[Elian]
El pasillo blanco me tragó. No tenía techo ni suelo, solo una claridad lechosa que dolía a la vista. Cada paso que daba resonaba como si caminara sobre agua, aunque mis pies no tocaban nada. A lo lejos, una figura me observaba. Alta. Delgada. Inmóvil. Al principio pensé que era Alaric, pero cuando me acerqué noté el detalle: la figura tenía mi rostro.
—¿Quién eres? —pregunté.
Mi voz rebotó y volvió multiplicada, respondiéndose a sí misma.
—Soy quien se quedó —dijo mi doble— Tú elegiste seguir, yo elegí recordar.
Intenté acercarme más, pero el aire entre nosotros era espeso, casi sólido.
—¿Dónde está él? —susurré.
—En todas partes. —La figura sonrió— Escúchalo.
El silencio se volvió un pulso grave.vLas paredes transparentes empezaron a latir como si el sanatorio respirara mi nombre.
Elian.
La voz era suya. La misma que una vez me susurró te amo y después te esperaré.
Ahora sonaba como una plegaria. O una orden. Mi reflejo extendió la mano.
—Ven conmigo. Aquí el dolor es eterno, pero no estás solo.
Yo di un paso adelante. El aire vibró. Y del techo empezó a caer una lluvia fina de ceniza. Entre los copos reconocí fragmentos de papel, retratos, nombres de antiguos pacientes: todos borrándose al tocar el suelo.

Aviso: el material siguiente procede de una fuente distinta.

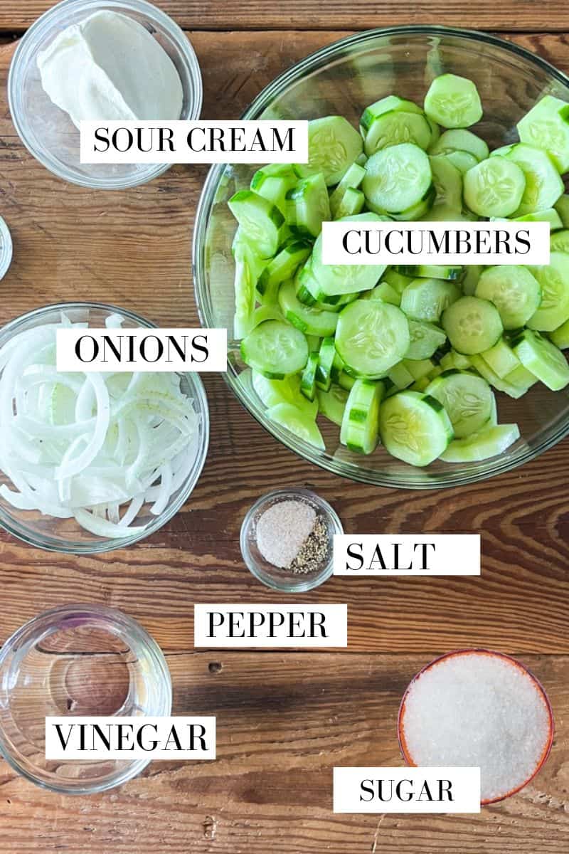 An old-fashioned cucumber salad recipe is the perfect thing to have in your back pocket for a dinner party or just a regular ol' Tuesday night. Dressed with a simple vinegar and sour cream dressing over thinly sliced cucumbers and onions, this is a creamy and delicious summer classic. If you've been searching high and low for a cucumbers onion vinegar sugar recipe just like grandma used to make, this is it!
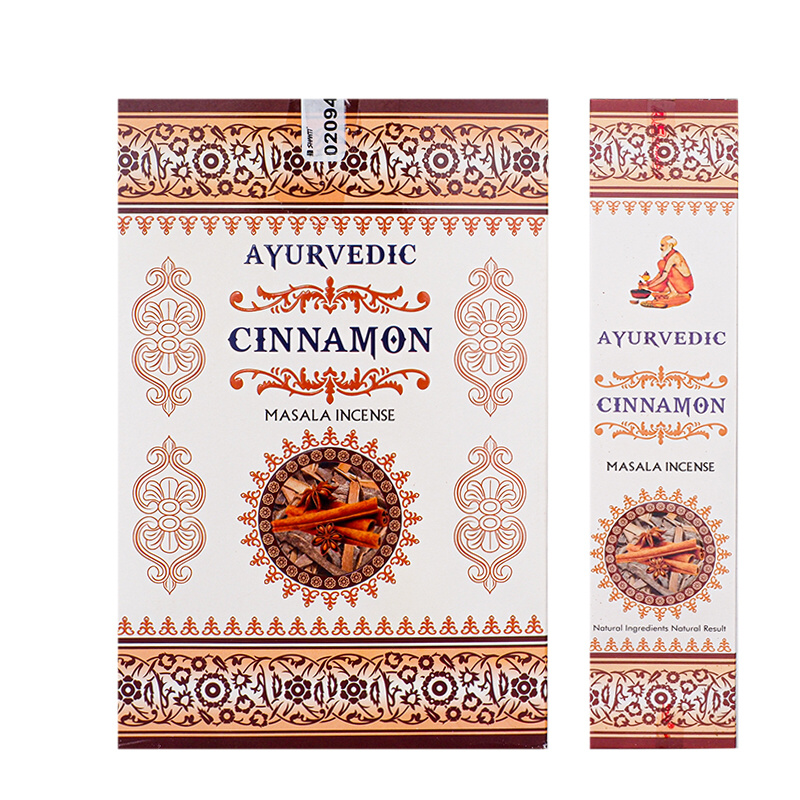 Ayurvedic Cinnamon scented sticks contain a unique blend of rare herbs, flowers, honey, resins and oils whose soothing aroma will take you beyond your dreams. Ayurvedic Cinnamon will touch your senses and leave you with a long-lasting feeling of well-being and relaxation.

Comprendí entonces que el sanatorio no solo se estaba pudriendo. Estaba olvidando. Y si me quedaba, también yo sería borrado. Di otro paso atrás. El reflejo me miró, triste.
—No se puede volver a amar dos veces al mismo fantasma.
Y desapareció.
[El enfermero Thomas]
El cielo de Londres se había vuelto del color del plomo. El carruaje se detuvo frente a las rejas del Instituto Seraphim, que llevaban tres días cerradas.
—Solo echaré un vistazo —le dijo al cochero— Volveré en seguida.
El portón chirrió. El aire del jardín olía a humedad y a algo más: una dulzura rancia, como flores podridas. El vestíbulo estaba en penumbra..Las lámparas encendían y se apagaban solas.
—¿Doctor Seraphim? —llamó Thomas, con voz temblorosa.
Nada. Solo el eco. Y un sonido leve, insistente: un piano.
Siguió el rastro. Los pasillos parecían distintos; las puertas cambiaban de sitio cuando las miraba de reojo. Llegó al ala norte. Allí, la puerta del pabellón 13 estaba abierta. El piano sonaba dentro.
[Elian]
Volví a oírlo: el piano. Pero ya no estaba en mi cabeza. Venía de algún lugar real, al otro lado de la luz.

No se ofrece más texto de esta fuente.